YOUR ASSIGNMENT: Every line of the material is to be set down exactly as written.

RECORDED INFORMATION:

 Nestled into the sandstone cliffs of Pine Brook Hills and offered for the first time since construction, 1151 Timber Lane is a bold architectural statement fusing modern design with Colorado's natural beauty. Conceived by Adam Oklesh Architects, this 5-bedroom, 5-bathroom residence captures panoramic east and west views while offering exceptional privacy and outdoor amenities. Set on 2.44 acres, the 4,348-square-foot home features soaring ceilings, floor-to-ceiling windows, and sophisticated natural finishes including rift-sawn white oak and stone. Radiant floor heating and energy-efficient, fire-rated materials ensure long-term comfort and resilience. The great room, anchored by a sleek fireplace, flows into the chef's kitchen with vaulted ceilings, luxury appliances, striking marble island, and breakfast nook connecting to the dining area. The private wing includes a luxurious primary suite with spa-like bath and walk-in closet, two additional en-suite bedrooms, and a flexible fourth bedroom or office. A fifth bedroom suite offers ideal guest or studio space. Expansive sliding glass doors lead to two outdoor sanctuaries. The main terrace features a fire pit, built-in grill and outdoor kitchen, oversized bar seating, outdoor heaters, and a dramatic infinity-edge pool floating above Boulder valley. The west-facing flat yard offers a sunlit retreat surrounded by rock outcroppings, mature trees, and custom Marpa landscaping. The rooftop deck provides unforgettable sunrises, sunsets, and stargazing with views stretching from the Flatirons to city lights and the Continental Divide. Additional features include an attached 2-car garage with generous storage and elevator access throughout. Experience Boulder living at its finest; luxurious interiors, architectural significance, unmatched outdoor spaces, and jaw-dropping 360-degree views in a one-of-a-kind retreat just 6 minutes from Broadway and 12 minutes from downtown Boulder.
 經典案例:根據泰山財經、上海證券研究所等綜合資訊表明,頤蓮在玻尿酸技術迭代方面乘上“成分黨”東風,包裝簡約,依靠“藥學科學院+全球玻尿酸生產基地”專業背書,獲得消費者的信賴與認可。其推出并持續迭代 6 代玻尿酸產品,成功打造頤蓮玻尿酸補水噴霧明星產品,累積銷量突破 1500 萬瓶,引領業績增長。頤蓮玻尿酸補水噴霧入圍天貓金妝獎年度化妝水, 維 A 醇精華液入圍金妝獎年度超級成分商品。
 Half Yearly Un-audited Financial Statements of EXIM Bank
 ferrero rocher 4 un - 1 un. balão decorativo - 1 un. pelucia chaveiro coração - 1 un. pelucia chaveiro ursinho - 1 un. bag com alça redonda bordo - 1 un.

EXERCISE OUTPUT:
 Nestled into the sandstone cliffs of Pine Brook Hills and offered for the first time since construction, 1151 Timber Lane is a bold architectural statement fusing modern design with Colorado's natural beauty. Conceived by Adam Oklesh Architects, this 5-bedroom, 5-bathroom residence captures panoramic east and west views while offering exceptional privacy and outdoor amenities. Set on 2.44 acres, the 4,348-square-foot home features soaring ceilings, floor-to-ceiling windows, and sophisticated natural finishes including rift-sawn white oak and stone. Radiant floor heating and energy-efficient, fire-rated materials ensure long-term comfort and resilience. The great room, anchored by a sleek fireplace, flows into the chef's kitchen with vaulted ceilings, luxury appliances, striking marble island, and breakfast nook connecting to the dining area. The private wing includes a luxurious primary suite with spa-like bath and walk-in closet, two additional en-suite bedrooms, and a flexible fourth bedroom or office. A fifth bedroom suite offers ideal guest or studio space. Expansive sliding glass doors lead to two outdoor sanctuaries. The main terrace features a fire pit, built-in grill and outdoor kitchen, oversized bar seating, outdoor heaters, and a dramatic infinity-edge pool floating above Boulder valley. The west-facing flat yard offers a sunlit retreat surrounded by rock outcroppings, mature trees, and custom Marpa landscaping. The rooftop deck provides unforgettable sunrises, sunsets, and stargazing with views stretching from the Flatirons to city lights and the Continental Divide. Additional features include an attached 2-car garage with generous storage and elevator access throughout. Experience Boulder living at its finest; luxurious interiors, architectural significance, unmatched outdoor spaces, and jaw-dropping 360-degree views in a one-of-a-kind retreat just 6 minutes from Broadway and 12 minutes from downtown Boulder.
 經典案例:根據泰山財經、上海證券研究所等綜合資訊表明,頤蓮在玻尿酸技術迭代方面乘上“成分黨”東風,包裝簡約,依靠“藥學科學院+全球玻尿酸生產基地”專業背書,獲得消費者的信賴與認可。其推出并持續迭代 6 代玻尿酸產品,成功打造頤蓮玻尿酸補水噴霧明星產品,累積銷量突破 1500 萬瓶,引領業績增長。頤蓮玻尿酸補水噴霧入圍天貓金妝獎年度化妝水, 維 A 醇精華液入圍金妝獎年度超級成分商品。
 Half Yearly Un-audited Financial Statements of EXIM Bank
 ferrero rocher 4 un - 1 un. balão decorativo - 1 un. pelucia chaveiro coração - 1 un. pelucia chaveiro ursinho - 1 un. bag com alça redonda bordo - 1 un.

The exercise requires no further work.